Seeing as how my little one is almost 2 weeks old and the pain of childbirth has (almost) left my memory, I wanted to write up a little something about my birth experience so I could always have a record of what it was like.

I didn't have a "normal" labor to begin with, as my little princess decided she wasn't in any hurry to make her entrance into the world and was a week past her due date. Between being the control freak that I am, not wanting to remain pregnant one moment longer, and the doctor's worries about my blood pressure, I scheduled an induction for Sunday November 19.

We (TJ and I) arrived at the hospital at 9 pm as scheduled and they had me undress and hop into bed to get the party started. (Here's where it gets graphic so if you don't want all the details, stop here).

They hooked me up to the fetal monitor and watched my blood pressure. Then after an hour or so, the doctor came in to examine my cervix and see how much I had dilated. I was about 2 centimeters. (For those who don't know, you need to be at 10 cm before you can push.) They inserted this paper thingy up by my cervix, which was supposed to get the labor going.

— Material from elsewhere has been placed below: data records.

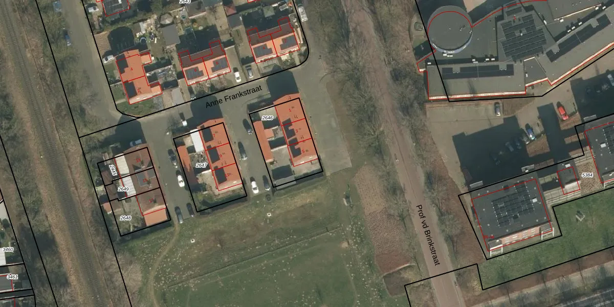 Anne Frankstraat 5 is gelegen op kadastraal perceel CUI00A2646. Deze kadastrale aanduiding is uniek en wordt gebruikt door het Kadaster om eigendomsrechten en andere zakelijke rechten vast te leggen. Het perceel maakt onderdeel uit van de kadastrale gemeente Cuijk.
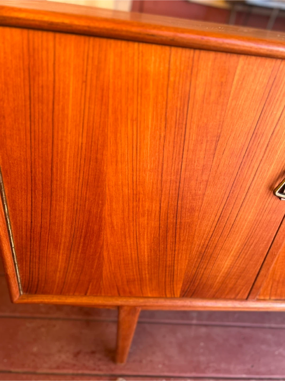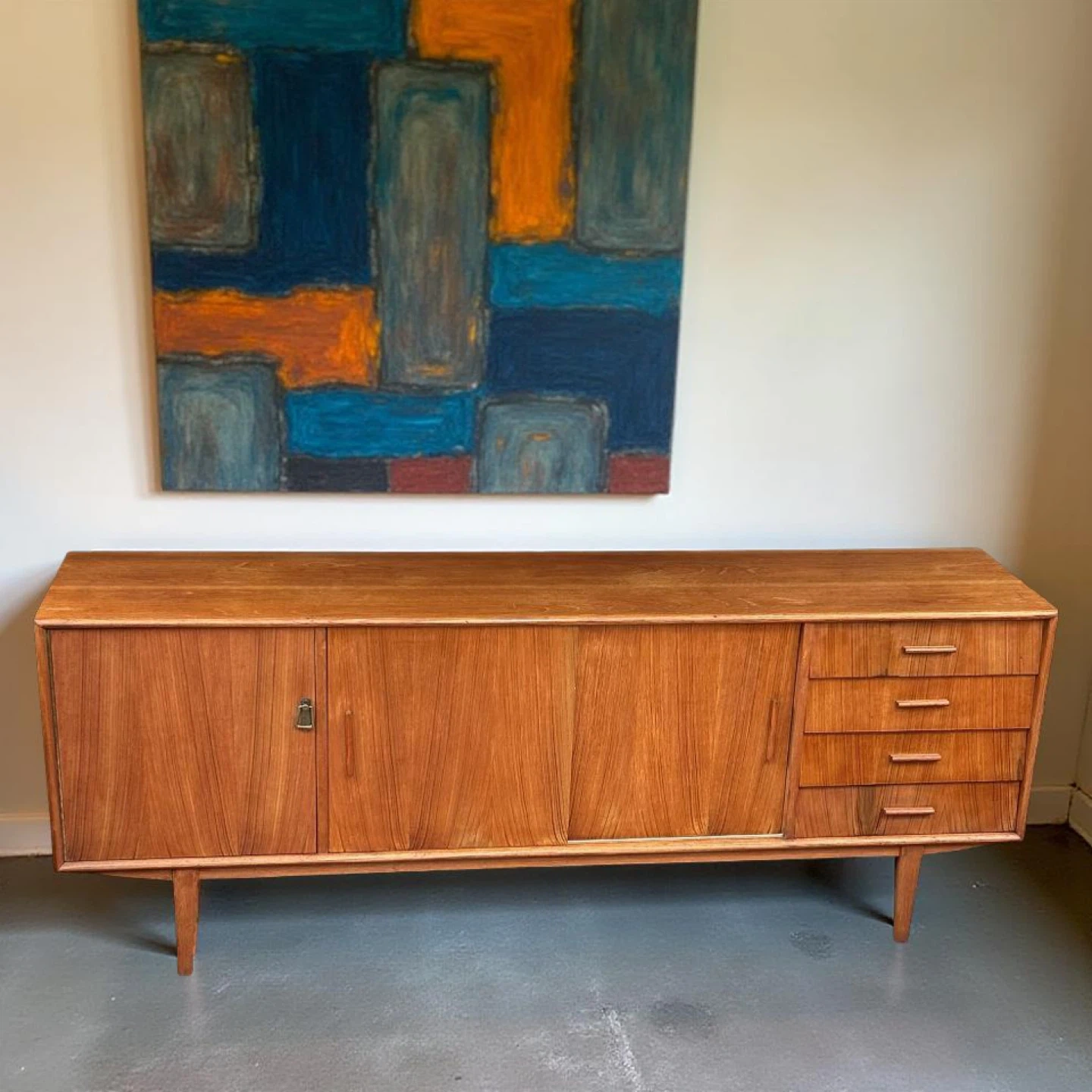Mid-Century Teak Sideboard from Clausen & Son, 1960s - 4 drawers, two sliding doors with adjustible shelf & side cabinet - good condition - drawer fronts have some cosmetic damage see photos - could be sanded and restained - all drawers intact and slide well. H28.5 - L74in - D16 1/4 in. available for pickup near bank and hunt club
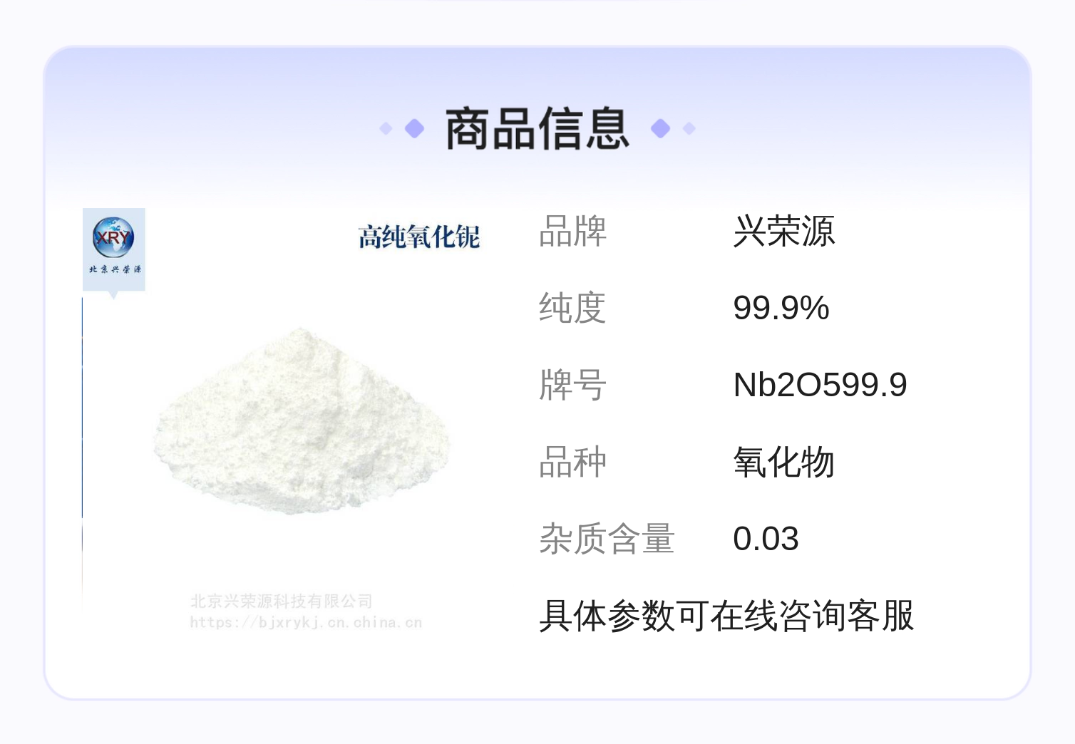 北京兴荣源科技有限公司通过严格的质量控制和先进的制造工艺,保证每批次球形氧化铌粉均符合高纯度要求,让客户无后顾之忧。
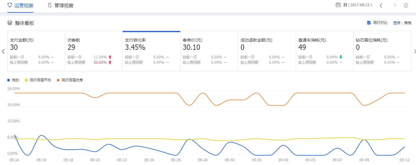 那么熟先,再整体看把里面找到这样一下数据“支付转化率”,那么在正常的情况下,这个数据最好是跟访客同步的,那么也就是说在行业均值和行业优秀之间,如果说你的数据是在行业优秀的附近就更加好了,不然的话不管怎么样都会出现问题,那么是臭问题就有以下三种情况:
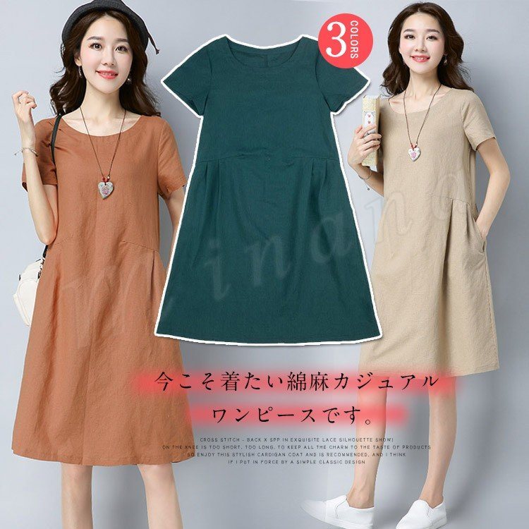 リネンワンピース レディース ワンピース 半袖 カジュアルワンピース リネン 綿麻 シンプル ゆったり ナチュラル コットンリネン
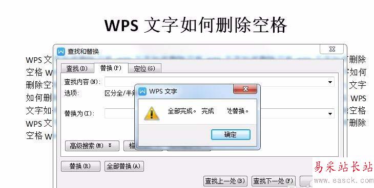 4、在替換窗口中,查找內容輸入空格【 】,替換為設置為空,不輸入任何內容,點擊全部替換,將空格全部替換
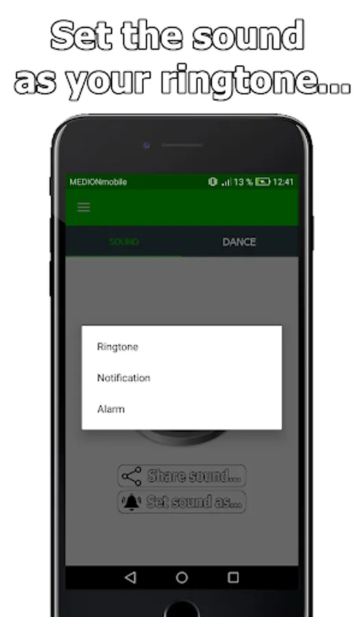 -Set the sound as ringtone, alarmtone and notificationtone.
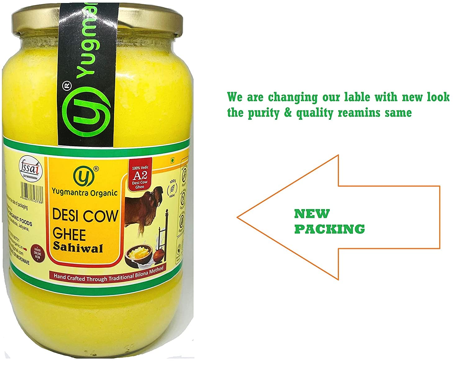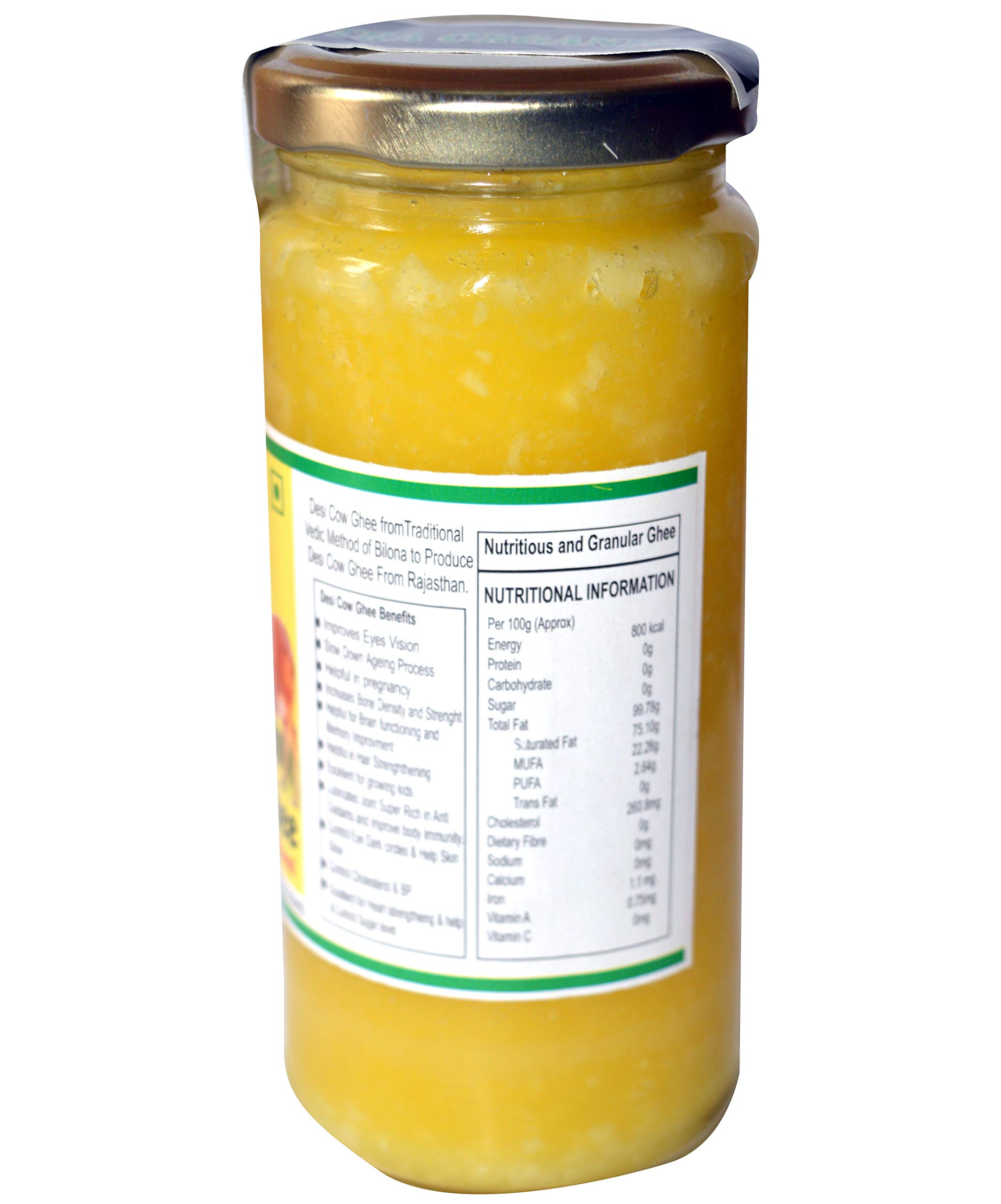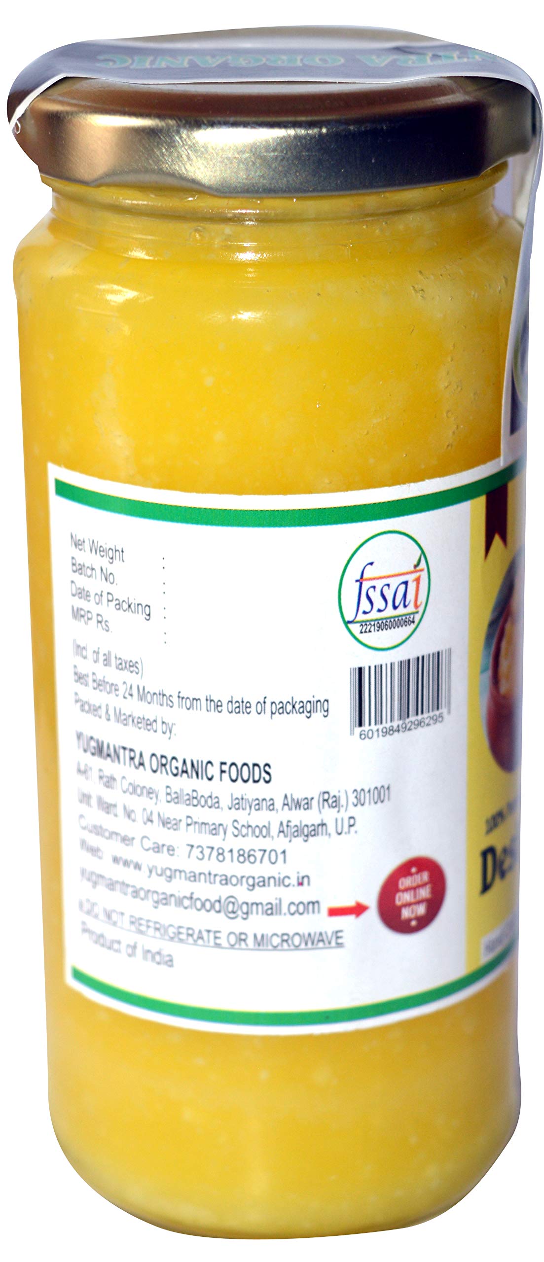 Yugmantra Organic Foods Pure Natural A2 Milk Shudh Desi Sahiwal Cow's Ghee from Alwar Traditional Vedic Method of Bilona to Produce Desi Ghee: Milk-Curd-Churn Curd in Clay Pots-Extract Butter-Heat the Butter-Granulated Yellow Cow Ghee is produced We believe it to be excellent for growing kids Power house of Vitamins that promotes good health and is super rich in anti-oxidants to improve body immunity.

Did it ever!! I was crying from all the pain and all I could think was, "Lord let me hurry and get to four centimeters so I can get this epidural!" They say labor pains are supposed to come and go and you're supposed to be able to relax in between, but I swear mine just kept coming harder and faster. By this point, I wasn't dilated enough for an epidural, but I kept demanding drugs, so they gave me something to "take the edge off," which is code for "doesn't do much at all."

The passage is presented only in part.